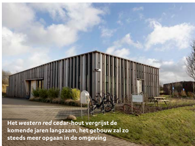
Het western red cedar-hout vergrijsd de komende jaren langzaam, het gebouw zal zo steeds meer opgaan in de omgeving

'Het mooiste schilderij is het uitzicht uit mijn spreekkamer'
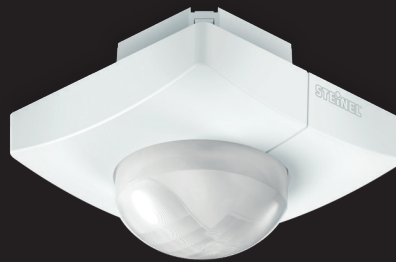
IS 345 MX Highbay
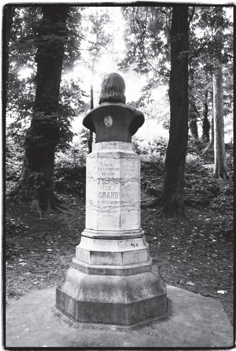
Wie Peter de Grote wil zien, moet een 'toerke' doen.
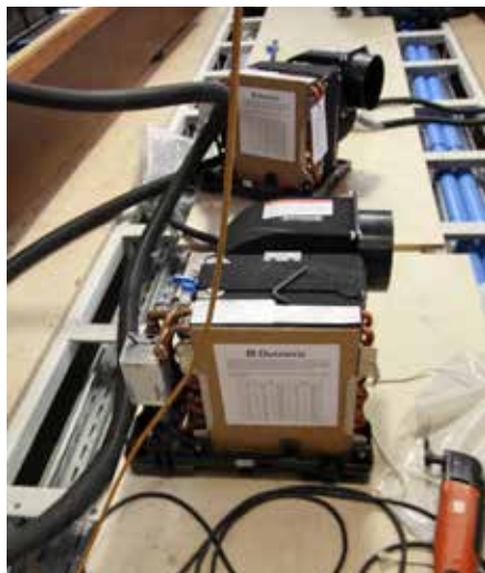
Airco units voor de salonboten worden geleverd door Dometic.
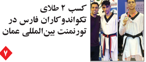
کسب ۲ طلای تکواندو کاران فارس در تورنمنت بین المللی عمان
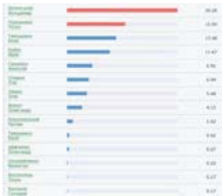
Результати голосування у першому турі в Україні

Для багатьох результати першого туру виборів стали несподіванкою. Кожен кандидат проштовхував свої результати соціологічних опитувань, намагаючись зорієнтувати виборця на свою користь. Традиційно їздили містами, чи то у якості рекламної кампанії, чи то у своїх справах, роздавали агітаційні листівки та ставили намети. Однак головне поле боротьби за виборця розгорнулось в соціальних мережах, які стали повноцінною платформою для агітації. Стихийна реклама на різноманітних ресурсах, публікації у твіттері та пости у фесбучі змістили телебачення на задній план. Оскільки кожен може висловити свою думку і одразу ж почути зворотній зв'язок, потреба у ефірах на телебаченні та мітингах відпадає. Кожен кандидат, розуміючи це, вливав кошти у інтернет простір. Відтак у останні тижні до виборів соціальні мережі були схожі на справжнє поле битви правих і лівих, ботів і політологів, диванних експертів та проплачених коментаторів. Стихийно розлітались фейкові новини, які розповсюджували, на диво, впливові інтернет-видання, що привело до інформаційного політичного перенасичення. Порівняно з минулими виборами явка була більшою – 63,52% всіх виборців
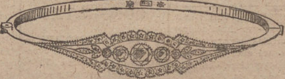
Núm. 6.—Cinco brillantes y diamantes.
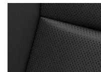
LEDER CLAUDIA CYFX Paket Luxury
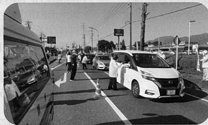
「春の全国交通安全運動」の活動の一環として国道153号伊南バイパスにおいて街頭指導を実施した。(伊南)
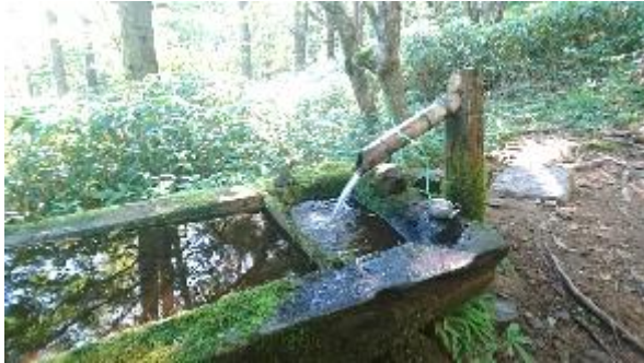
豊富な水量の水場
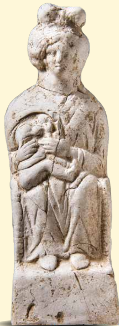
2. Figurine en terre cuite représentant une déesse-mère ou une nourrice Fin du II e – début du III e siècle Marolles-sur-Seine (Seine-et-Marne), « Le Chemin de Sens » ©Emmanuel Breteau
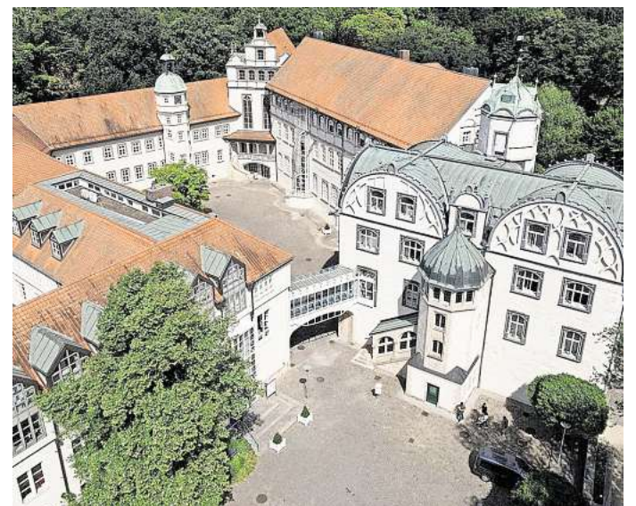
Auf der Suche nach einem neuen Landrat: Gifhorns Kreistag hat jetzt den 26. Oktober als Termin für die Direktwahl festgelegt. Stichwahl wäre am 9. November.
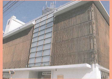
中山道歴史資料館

TASK TO CARRY OUT => An exact repeat of all the data is required, pictures excluded.

RESULT BELOW =>
Het western red cedar-hout vergrijsd de komende jaren langzaam, het gebouw zal zo steeds meer opgaan in de omgeving

'Het mooiste schilderij is het uitzicht uit mijn spreekkamer'
IS 345 MX Highbay
Wie Peter de Grote wil zien, moet een 'toerke' doen.
Airco units voor de salonboten worden geleverd door Dometic.
کسب ۲ طلای تکواندو کاران فارس در تورنمنت بین المللی عمان
Результати голосування у першому турі в Україні

Для багатьох результати першого туру виборів стали несподіванкою. Кожен кандидат проштовхував свої результати соціологічних опитувань, намагаючись зорієнтувати виборця на свою користь. Традиційно їздили містами, чи то у якості рекламної кампанії, чи то у своїх справах, роздавали агітаційні листівки та ставили намети. Однак головне поле боротьби за виборця розгорнулось в соціальних мережах, які стали повноцінною платформою для агітації. Стихийна реклама на різноманітних ресурсах, публікації у твіттері та пости у фесбучі змістили телебачення на задній план. Оскільки кожен може висловити свою думку і одразу ж почути зворотній зв'язок, потреба у ефірах на телебаченні та мітингах відпадає. Кожен кандидат, розуміючи це, вливав кошти у інтернет простір. Відтак у останні тижні до виборів соціальні мережі були схожі на справжнє поле битви правих і лівих, ботів і політологів, диванних експертів та проплачених коментаторів. Стихийно розлітались фейкові новини, які розповсюджували, на диво, впливові інтернет-видання, що привело до інформаційного політичного перенасичення. Порівняно з минулими виборами явка була більшою – 63,52% всіх виборців
Núm. 6.—Cinco brillantes y diamantes.
LEDER CLAUDIA CYFX Paket Luxury
「春の全国交通安全運動」の活動の一環として国道153号伊南バイパスにおいて街頭指導を実施した。(伊南)
豊富な水量の水場
2. Figurine en terre cuite représentant une déesse-mère ou une nourrice Fin du II e – début du III e siècle Marolles-sur-Seine (Seine-et-Marne), « Le Chemin de Sens » ©Emmanuel Breteau
Auf der Suche nach einem neuen Landrat: Gifhorns Kreistag hat jetzt den 26. Oktober als Termin für die Direktwahl festgelegt. Stichwahl wäre am 9. November.
中山道歴史資料館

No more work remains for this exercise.